── Data for processing ──

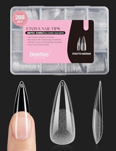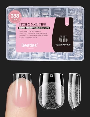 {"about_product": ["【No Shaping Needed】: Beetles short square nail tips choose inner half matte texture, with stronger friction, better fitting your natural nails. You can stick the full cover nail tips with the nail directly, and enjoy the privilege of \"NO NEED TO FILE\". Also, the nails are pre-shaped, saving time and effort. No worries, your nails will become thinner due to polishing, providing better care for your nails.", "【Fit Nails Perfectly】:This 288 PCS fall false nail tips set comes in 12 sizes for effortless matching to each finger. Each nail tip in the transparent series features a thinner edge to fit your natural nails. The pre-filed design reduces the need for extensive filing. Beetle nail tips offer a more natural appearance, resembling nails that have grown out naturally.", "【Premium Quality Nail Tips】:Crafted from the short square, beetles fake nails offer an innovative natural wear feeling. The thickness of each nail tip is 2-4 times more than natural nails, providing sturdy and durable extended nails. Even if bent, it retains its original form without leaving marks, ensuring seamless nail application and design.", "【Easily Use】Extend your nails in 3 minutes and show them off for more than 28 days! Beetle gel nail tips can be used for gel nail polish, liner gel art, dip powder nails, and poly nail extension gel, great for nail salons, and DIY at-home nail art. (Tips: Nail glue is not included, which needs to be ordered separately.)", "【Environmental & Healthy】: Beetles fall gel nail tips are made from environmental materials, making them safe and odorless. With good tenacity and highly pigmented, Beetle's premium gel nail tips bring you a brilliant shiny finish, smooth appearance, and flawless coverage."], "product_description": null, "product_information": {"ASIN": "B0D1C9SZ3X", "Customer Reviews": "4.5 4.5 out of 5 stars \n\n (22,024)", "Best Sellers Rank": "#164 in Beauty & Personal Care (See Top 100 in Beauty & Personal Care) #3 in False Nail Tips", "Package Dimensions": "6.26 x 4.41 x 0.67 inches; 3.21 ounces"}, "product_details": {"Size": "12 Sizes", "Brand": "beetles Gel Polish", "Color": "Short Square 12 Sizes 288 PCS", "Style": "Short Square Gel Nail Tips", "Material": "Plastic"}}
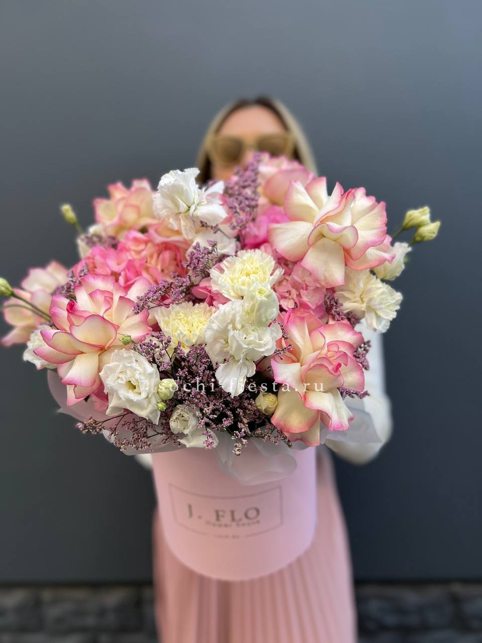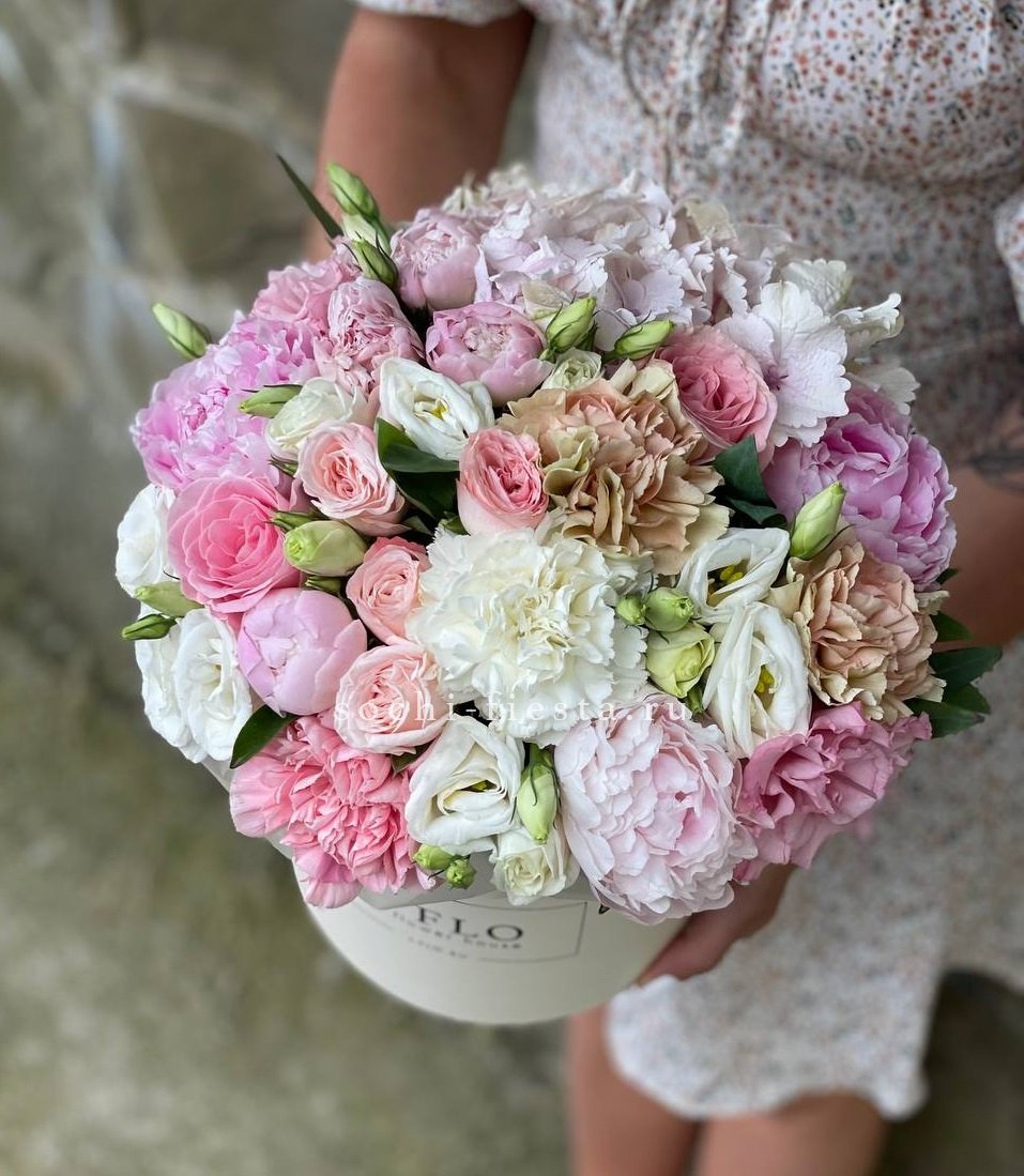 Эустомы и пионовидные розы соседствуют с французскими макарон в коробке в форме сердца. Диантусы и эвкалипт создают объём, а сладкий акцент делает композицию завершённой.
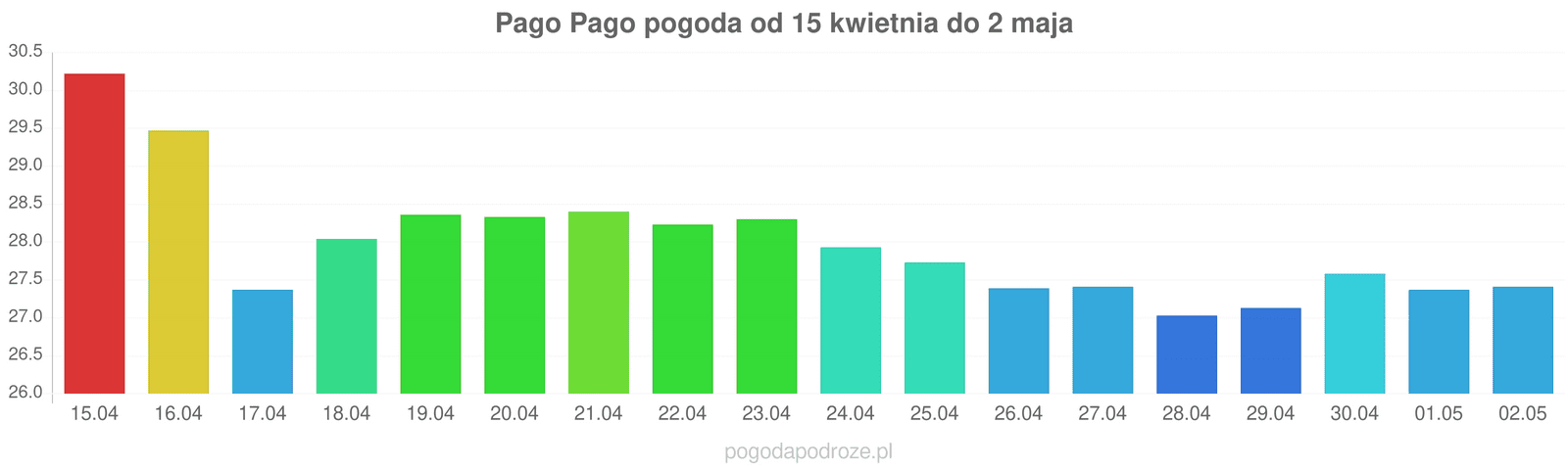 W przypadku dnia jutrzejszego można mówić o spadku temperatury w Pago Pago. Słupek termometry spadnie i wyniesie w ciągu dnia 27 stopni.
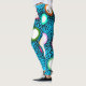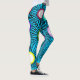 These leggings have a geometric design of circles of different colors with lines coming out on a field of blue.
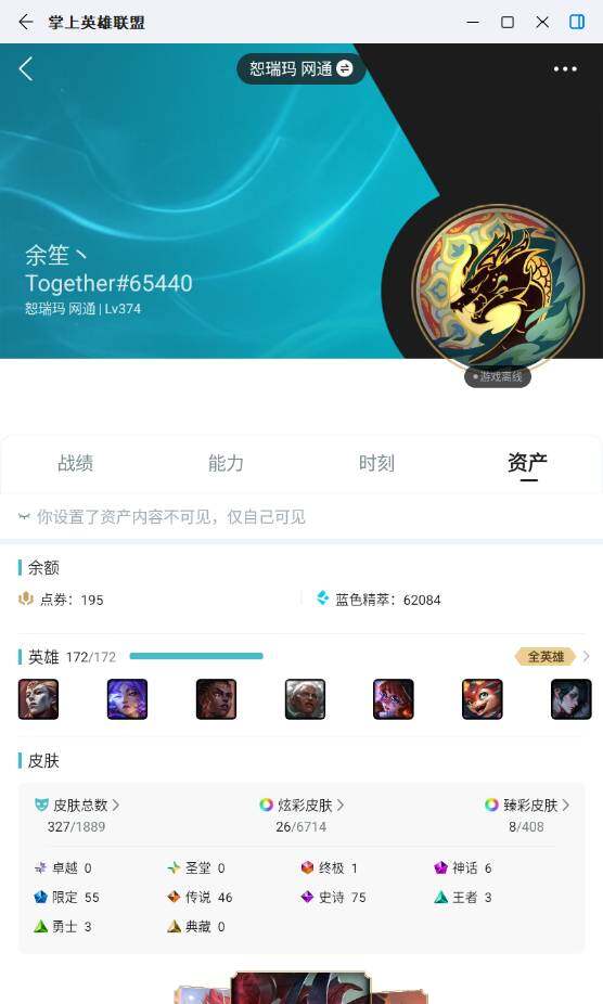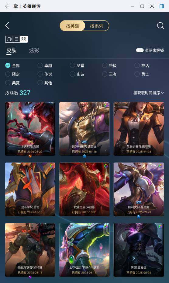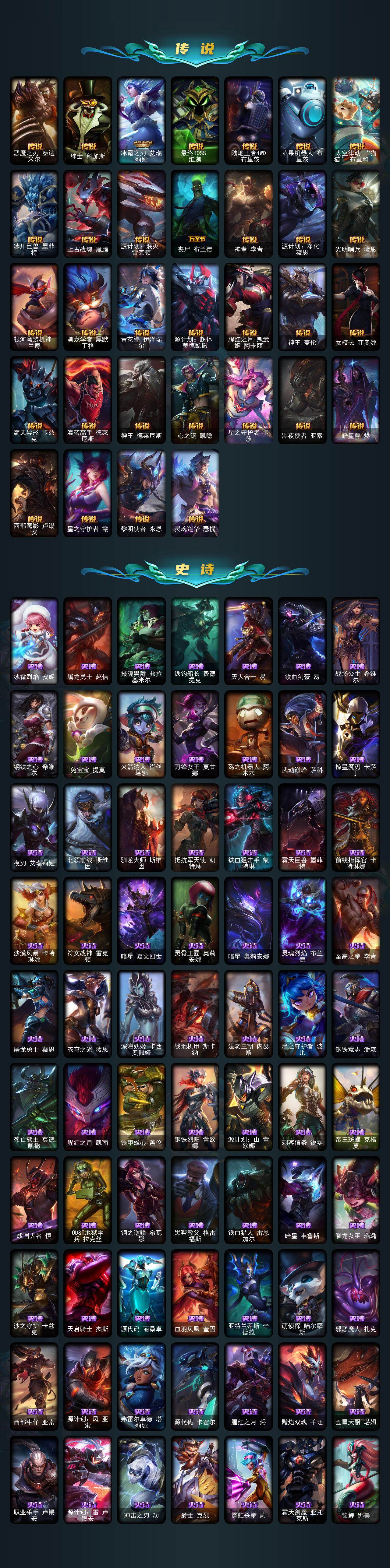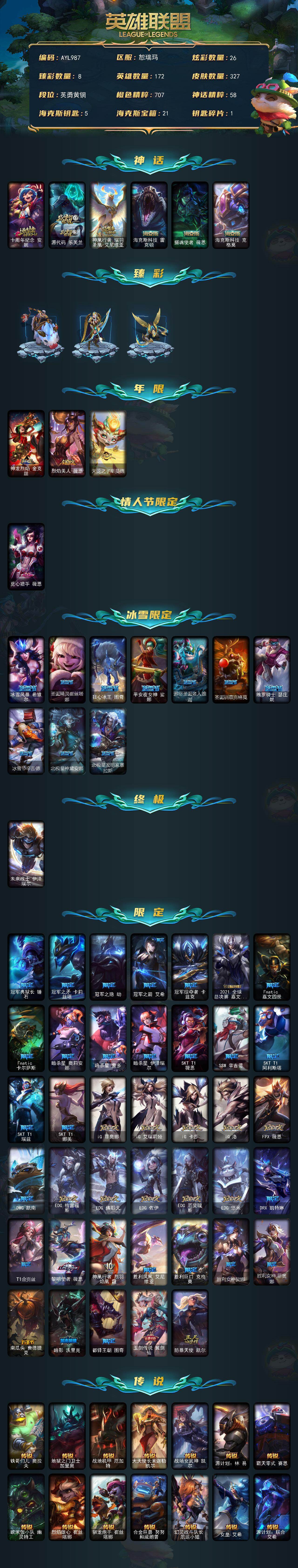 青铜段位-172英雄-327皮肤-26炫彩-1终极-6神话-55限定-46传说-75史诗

───

Exercise brief. Take the records above and transcribe them exactly, dropping every picture.

Task response.
 {"about_product": ["【No Shaping Needed】: Beetles short square nail tips choose inner half matte texture, with stronger friction, better fitting your natural nails. You can stick the full cover nail tips with the nail directly, and enjoy the privilege of \"NO NEED TO FILE\". Also, the nails are pre-shaped, saving time and effort. No worries, your nails will become thinner due to polishing, providing better care for your nails.", "【Fit Nails Perfectly】:This 288 PCS fall false nail tips set comes in 12 sizes for effortless matching to each finger. Each nail tip in the transparent series features a thinner edge to fit your natural nails. The pre-filed design reduces the need for extensive filing. Beetle nail tips offer a more natural appearance, resembling nails that have grown out naturally.", "【Premium Quality Nail Tips】:Crafted from the short square, beetles fake nails offer an innovative natural wear feeling. The thickness of each nail tip is 2-4 times more than natural nails, providing sturdy and durable extended nails. Even if bent, it retains its original form without leaving marks, ensuring seamless nail application and design.", "【Easily Use】Extend your nails in 3 minutes and show them off for more than 28 days! Beetle gel nail tips can be used for gel nail polish, liner gel art, dip powder nails, and poly nail extension gel, great for nail salons, and DIY at-home nail art. (Tips: Nail glue is not included, which needs to be ordered separately.)", "【Environmental & Healthy】: Beetles fall gel nail tips are made from environmental materials, making them safe and odorless. With good tenacity and highly pigmented, Beetle's premium gel nail tips bring you a brilliant shiny finish, smooth appearance, and flawless coverage."], "product_description": null, "product_information": {"ASIN": "B0D1C9SZ3X", "Customer Reviews": "4.5 4.5 out of 5 stars \n\n (22,024)", "Best Sellers Rank": "#164 in Beauty & Personal Care (See Top 100 in Beauty & Personal Care) #3 in False Nail Tips", "Package Dimensions": "6.26 x 4.41 x 0.67 inches; 3.21 ounces"}, "product_details": {"Size": "12 Sizes", "Brand": "beetles Gel Polish", "Color": "Short Square 12 Sizes 288 PCS", "Style": "Short Square Gel Nail Tips", "Material": "Plastic"}}
 Эустомы и пионовидные розы соседствуют с французскими макарон в коробке в форме сердца. Диантусы и эвкалипт создают объём, а сладкий акцент делает композицию завершённой.
 W przypadku dnia jutrzejszego można mówić o spadku temperatury w Pago Pago. Słupek termometry spadnie i wyniesie w ciągu dnia 27 stopni.
 These leggings have a geometric design of circles of different colors with lines coming out on a field of blue.
 青铜段位-172英雄-327皮肤-26炫彩-1终极-6神话-55限定-46传说-75史诗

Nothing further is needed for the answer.